**PROBLEM REQUIREMENTS:**
Write out, exactly and only, the lines that run from the top of the records to the line with "科技赋能教育,智慧点亮课堂。". Include both ends; exclude pictures.

**SOURCE MATERIAL:**
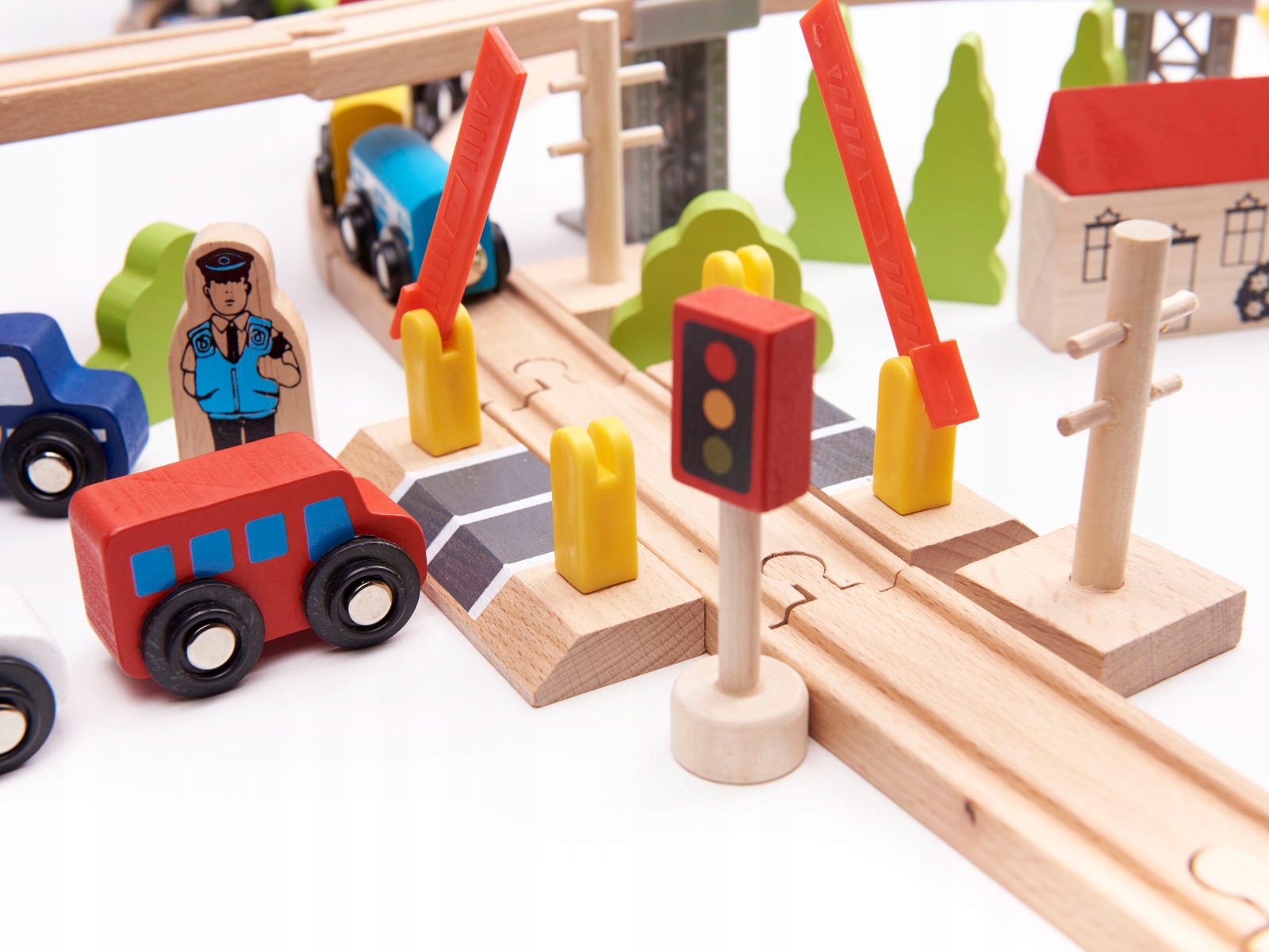 Nie istnieje jeden sposób budowania przejazdu! Most, filary, szlabany czy elementy zabudowy miasta można dowolnie ustawiać, wzbogacając otoczenie. To zabawa pobudzająca kreatywność!
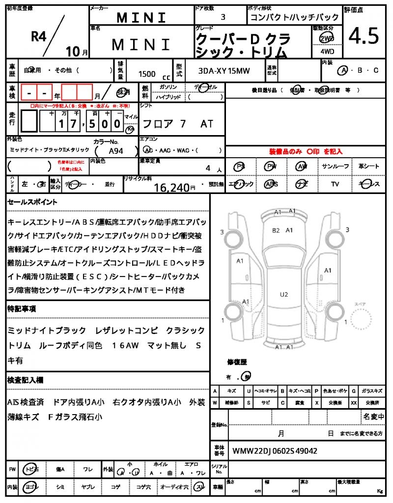 | VIN/Serial No. | WMW22DJ0602S49042 |
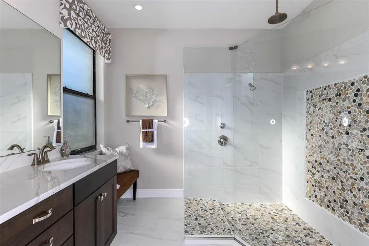 Pre-Construction. To be built. Pre-construction. To be built. Introducing the Salerno model—an elegant blend of style, comfort, and modern sophistication. This is one of many floor plans available to build on this lot. Offering 4 spacious bedrooms, 3 baths, and 2,056 square feet of refined living space, the Salerno features expansive living areas and seamless indoor-outdoor flow. From the moment you arrive, the impressive grand foyer welcomes you into a light-filled, open-concept living and family room—perfect for both everyday living and entertaining. The heart of the home is the designer kitchen, showcasing 42″ upper cabinets with crown molding, beautifully finished countertops, a walk-in pantry, and a large island with bar seating. Premium appliances include a built-in microwave, range, dishwasher, and disposal. The luxurious owner’s suite serves as a private retreat with abundant natural light and a spa-inspired ensuite featuring a tiled walk-in shower with glass enclosure, private water closet, and dual vanity with designer cabinetry and countertops. Guest bedrooms are thoughtfully positioned for privacy, while the tucked-away laundry room offers added storage and convenience. Finishes include plush carpeting in bedrooms and timeless tile in all wet areas. Enjoy outdoor living on the expansive covered lanai, ideal for morning coffee or evening gatherings. Additional highlights include a smart home security system, upgraded R38 and foam-injected insulation for energy efficiency, and a 2-10 home warranty. Located in the boutique community of Hidden Ridge, this exceptional home offers both luxury and convenience. Photos represent a previously built Salerno model with optional features and may not reflect the actual home.
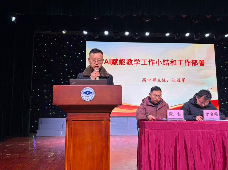 科技赋能教育,智慧点亮课堂。在AI赋能教学工作专题环节,校长助理、高中部主任汪益军以详实的数据和清晰的规划,为全体师生呈现了一幅生动的智慧教育图景。
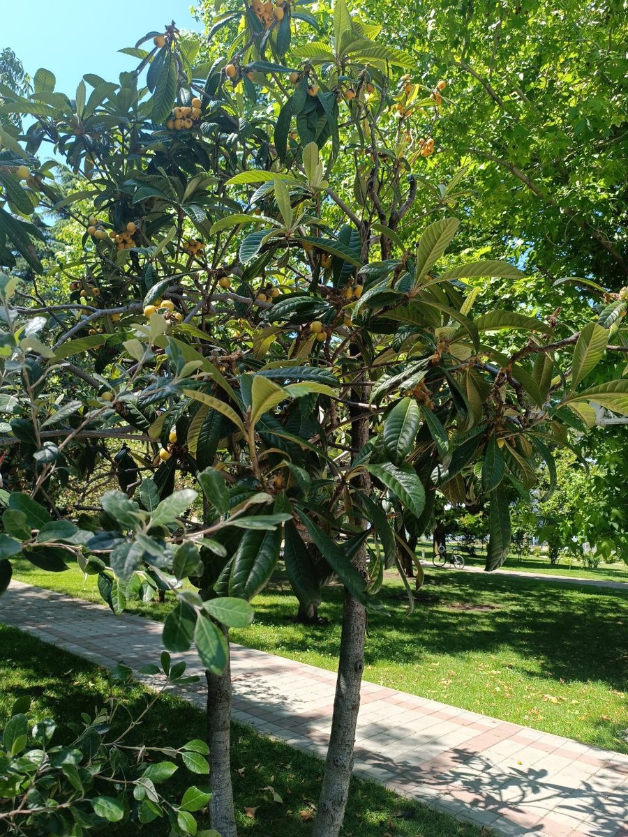 Век живи - век учись. Только на днях гостеприимная анапская земля угощала спелой шелковицей, а вот в сочинских субтропиках она отошла. Но сегодня вот впервые попробовал мушмулу (Эриобо́трия япо́нская). Как мало же мы знаем про российские богатства. Чем известна мушмула? Косточки больше, чем самого фрукта. Видимо, поэтому она не так популярна, что я её нигде не видел и не пробовал до этого. Вкусвилл, например, возит мушмулу с Египта (оттуда же манго и ананасы, например). "Мушмула — это источник фитовеществ, особенно флавоноидов и полифенолов, обладающих сильными антиоксидантными и противовоспалительными свойствами. С потреблением продуктов, богатых полифенолами, связывают снижение риска развития таких хронических заболеваний, как атеросклероз, диабет, сердечно-сосудистые заболевания. Мушмула — отличный источник кальция, магния, железа и особенно калия и витамина С. В мушмуле много пектина — клетчатки/пищевых волокон, которые помимо противовоспалительного эффекта помогают контролировать

**TASK RESULT:**
 Nie istnieje jeden sposób budowania przejazdu! Most, filary, szlabany czy elementy zabudowy miasta można dowolnie ustawiać, wzbogacając otoczenie. To zabawa pobudzająca kreatywność!
 | VIN/Serial No. | WMW22DJ0602S49042 |
 Pre-Construction. To be built. Pre-construction. To be built. Introducing the Salerno model—an elegant blend of style, comfort, and modern sophistication. This is one of many floor plans available to build on this lot. Offering 4 spacious bedrooms, 3 baths, and 2,056 square feet of refined living space, the Salerno features expansive living areas and seamless indoor-outdoor flow. From the moment you arrive, the impressive grand foyer welcomes you into a light-filled, open-concept living and family room—perfect for both everyday living and entertaining. The heart of the home is the designer kitchen, showcasing 42″ upper cabinets with crown molding, beautifully finished countertops, a walk-in pantry, and a large island with bar seating. Premium appliances include a built-in microwave, range, dishwasher, and disposal. The luxurious owner’s suite serves as a private retreat with abundant natural light and a spa-inspired ensuite featuring a tiled walk-in shower with glass enclosure, private water closet, and dual vanity with designer cabinetry and countertops. Guest bedrooms are thoughtfully positioned for privacy, while the tucked-away laundry room offers added storage and convenience. Finishes include plush carpeting in bedrooms and timeless tile in all wet areas. Enjoy outdoor living on the expansive covered lanai, ideal for morning coffee or evening gatherings. Additional highlights include a smart home security system, upgraded R38 and foam-injected insulation for energy efficiency, and a 2-10 home warranty. Located in the boutique community of Hidden Ridge, this exceptional home offers both luxury and convenience. Photos represent a previously built Salerno model with optional features and may not reflect the actual home.
 科技赋能教育,智慧点亮课堂。在AI赋能教学工作专题环节,校长助理、高中部主任汪益军以详实的数据和清晰的规划,为全体师生呈现了一幅生动的智慧教育图景。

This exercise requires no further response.